Eylülün serin rüzgarları, Kasımın keskin ayazı derken Aralık geldi çattı. 
Doğanın en belirgin değişimlerinden birine şahitlik ediyor Aralık ayı. Yazdan kışa mevsim geçişinin yanı sıra, insanlarda da bu geçişime şahitlik ediyoruz. Ruhsal sorunları olan insanların her mevsim geçişlerinde olumsuz etkilendikleri aşikar. Bu süreç bazı insanlar için içten içe bir hesaplaşma, dinlenme, derinlere inme vaktidir. Ancak bu durum ruhsal açıdan tedavi gören insanları olumsuz etkilemektedir. Yazın o coşkulu enerjik halimizi bırakmış bulunuyoruz malesef. Ağaçlar çırılçıplak, gökyüzü daha gri, topraklar daha yumuşak. Güneş daha kısa süreli vaadlerdeyken bulutlar bu vaadleri destekler biçimde. 
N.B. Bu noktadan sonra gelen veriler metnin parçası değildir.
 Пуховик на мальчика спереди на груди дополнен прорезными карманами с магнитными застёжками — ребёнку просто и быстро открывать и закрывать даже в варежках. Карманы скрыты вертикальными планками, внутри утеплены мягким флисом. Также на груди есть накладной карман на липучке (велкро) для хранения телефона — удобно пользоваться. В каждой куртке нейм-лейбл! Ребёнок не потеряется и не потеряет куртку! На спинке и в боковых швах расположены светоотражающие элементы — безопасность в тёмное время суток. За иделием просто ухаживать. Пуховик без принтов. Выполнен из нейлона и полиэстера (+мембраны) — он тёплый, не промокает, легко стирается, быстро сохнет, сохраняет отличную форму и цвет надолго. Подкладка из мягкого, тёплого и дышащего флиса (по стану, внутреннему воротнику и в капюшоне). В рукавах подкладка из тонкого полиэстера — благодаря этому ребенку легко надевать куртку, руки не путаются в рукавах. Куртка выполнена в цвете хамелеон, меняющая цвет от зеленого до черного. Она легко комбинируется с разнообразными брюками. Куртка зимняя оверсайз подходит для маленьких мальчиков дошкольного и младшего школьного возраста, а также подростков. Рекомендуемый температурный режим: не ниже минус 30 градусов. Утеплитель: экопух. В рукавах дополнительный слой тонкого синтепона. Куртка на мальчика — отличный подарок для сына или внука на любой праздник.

Kış ayı aynı zamanda insanların kendilerini yenileme zamanıdır. 
Dışarının soğuğundan evimizin sıcak güvenli atmosferine koşturduğumuz akşamları sıcak çay, kahve veya sahleplerin hatta bozaların içildiği belki yanında okunacak kitaplarımızın olduğu zamanlara geldiğimizin kanıtıdır kış ayları. 
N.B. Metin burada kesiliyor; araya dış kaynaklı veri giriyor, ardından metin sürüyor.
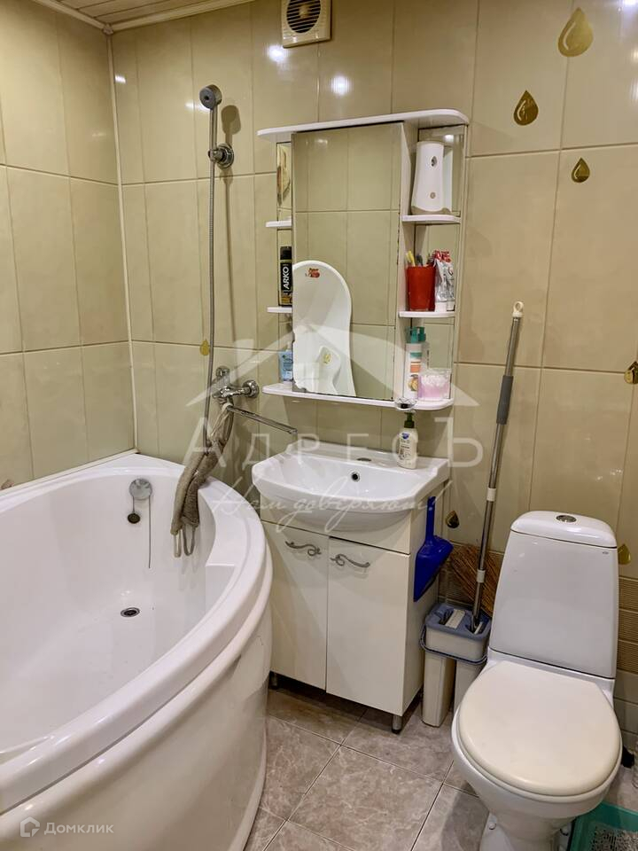 состоянии, подвесной потолок с точечными светильниками, на полу ламинат, в ванной

Eski yıllara göre yoğun kar yağışı olmasa da yağdığı zamanlarda pencereden düşen bembeyaz kar tanelerini izlemeyi özellikle belirtmek istiyorum. 
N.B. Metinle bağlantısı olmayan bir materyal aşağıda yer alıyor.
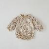 Autumn 2024 Baby Girl Cotton Romper: Printed, Lapel, Puff Sleeves, Long Sleeve, Loose Fit, Triangle Design for Crawling.

Kışın en sihirli anı ise Yeni yıldır. Her sene Aralık ayı bize yeni yılında heyecanını katar. Geride bıraktıklarımızın yerini taze başlangıçlıklar almaktadır. 
Kış bize bembeyaz bir sayfa sunmaktadır tıpkı dışarıda yağan lekesiz kar taneleri gibi.